There was quite a lot of stuff left in the front room, but I didn't quite have time too look through it all as light was really starting to fade. Just as I began to feel relaxed I heard the beeping of a car horn, OH FUCK, I quickly finished my shot, gathered my gear and got out. Back to my car, to realise it was sheep farmer just down the road trying to herd his sheep off the road. A quick wave to him and I was off.







































Thanks for looking!!​


----------



## smiler (Sep 15, 2015)

You found a little cracker there Stussy, Embassy gift coupons, how long ago did they stop being issued? I Loved it, Thanks


----------



## HughieD (Sep 15, 2015)

Fascinating little time capsule beautifully captured Stussy...


----------



## RandomElbow (Sep 15, 2015)

Great report and lovely pictures


----------



## Rubex (Sep 15, 2015)

This place is amazing Stussy, nice one


----------



## Sam Haltin (Sep 15, 2015)

Excellent report. Picture 2 has Airfix motor racing (very rare) and came out in 1962 at a price of £4.19 shillings. Two cars and an oval track.


----------



## Stussy (Sep 15, 2015)

Hugh Jorgan said:


> Excellent report. Picture 2 has Airfix motor racing (very rare) and came out in 1962 at a price of £4.19 shillings. Two cars and an oval track.



Am sure the box was empty, or I would have taken an picture, but as I said I didn't have time for a good look around.


----------



## Mikeymutt (Sep 15, 2015)

Beautiful as always stussy..I really need to get my utt to Scotland and come see you as I said.prob be going to be spring now though


----------



## tumble112 (Sep 15, 2015)

A really good find, there are a fair few places like this in the Highlands. Is that The Hollies in the second last shot?


----------



## Sam Haltin (Sep 15, 2015)

Sludden said:


> A really good find, there are a fair few places like this in the Highlands. Is that The Hollies in the second last shot?

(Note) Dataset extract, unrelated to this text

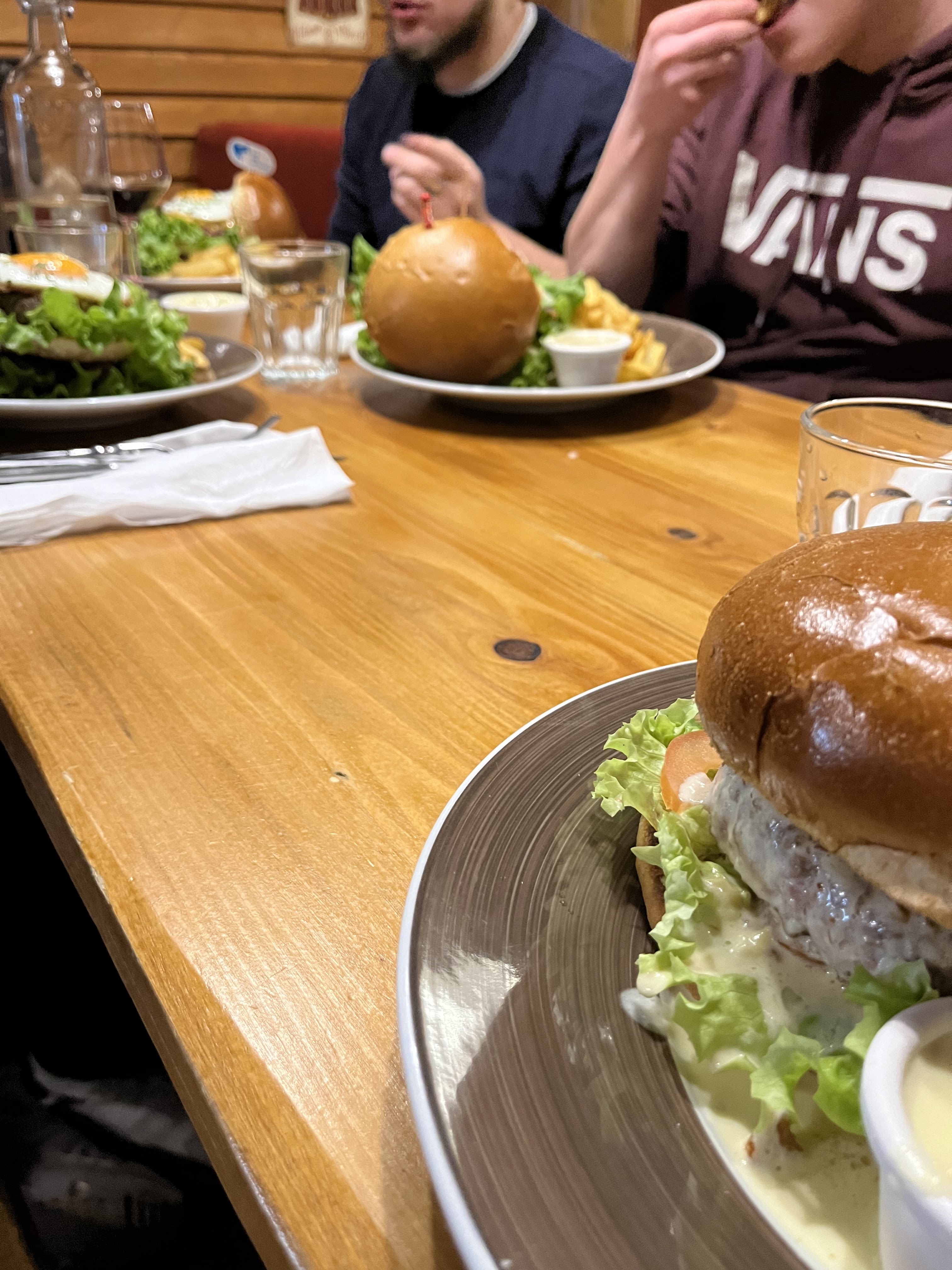 Sympa mais pas mémorable... Le choix des burgers est vaste, le cadre est sympa dans un style « chalet ». Les burgers, les fajitas et les desserts ne sont pas mauvais mais pas mémorables du tout, il manque « le truc en plus » qui vous fait revenir dans un restaurant. Les serveurs sont un peu tête en l’air, besoin de redemander plusieurs fois les choses... Pensez à réserver car c’est petit et la plupart du temps plein!

Looks like The Hollies or maybe The Troggs?


----------



## UrbanX (Sep 16, 2015)

Cracking find sir! A lovely set of photos too. 
Nice to see the natural decay and so much left behind. 
Thanks for sharing


----------



## Stussy (Sep 16, 2015)

Sludden said:


> A really good find, there are a fair few places like this in the Highlands. Is that The Hollies in the second last shot?



I have no idea who they are am afraid.


----------



## flyboys90 (Sep 17, 2015)

Nice find and great photos.


----------